X58 chipset for Bloomfield may get ‘physics engine’
The desktop version of the Nehalem processor, Bloomfield, will work with the X58 chipset. The new chipset includes support for four video cards and may contain hardware for physics calculations.
The X58 is connected to the quad-core Bloomfield CPU via a Quickpath link, Intel’s answer to AMD’s Hypertransport.

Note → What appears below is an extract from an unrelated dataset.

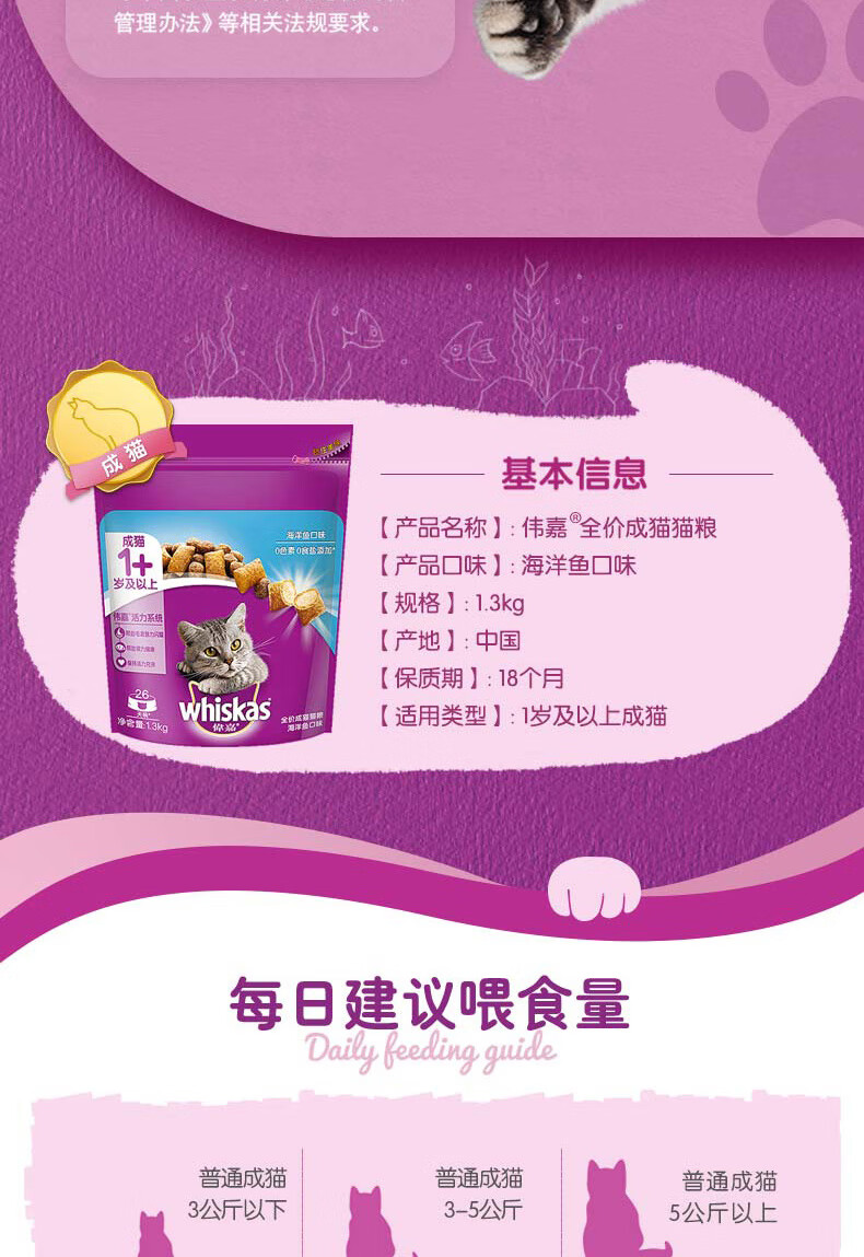 Weijia adult cat food ocean fish salmon nutrition fattening hair gills whiskas full price cat staple food 1.3kg adult cat food beef flavor 1.3kg

This should provide two to three times the bandwidth of the FSB of current Core 2 Quad processors. The chipset first known as ‘Tylersburg’ offers enough PCI-e channels for two video cards in a PCIe-x16 setup or even four video cards in a PCI-e-x8 configuration. Interesting about the leaked slide is that spoken talks about physics engine scaling that would indicate that hardware for physics calculations is built into the X58 chipset. This would then be the first result of the acquisition of physics middleware developer Havok in September 2007.
The leaked presentation also mentions the fact that the three DDR3 channels with an effective clock speed of 1333MHz should provide a maximum bandwidth of 32GB/s. The current X48 chipset with support for two DDR3 channels at 1600MHz offers a bandwidth cap of 25.6GB/s. As with AMD’s current Barcelona and Phenom chips, the Bloomfield has a built-in memory controller, while 8MB of L3 cache should keep the factory running smoothly.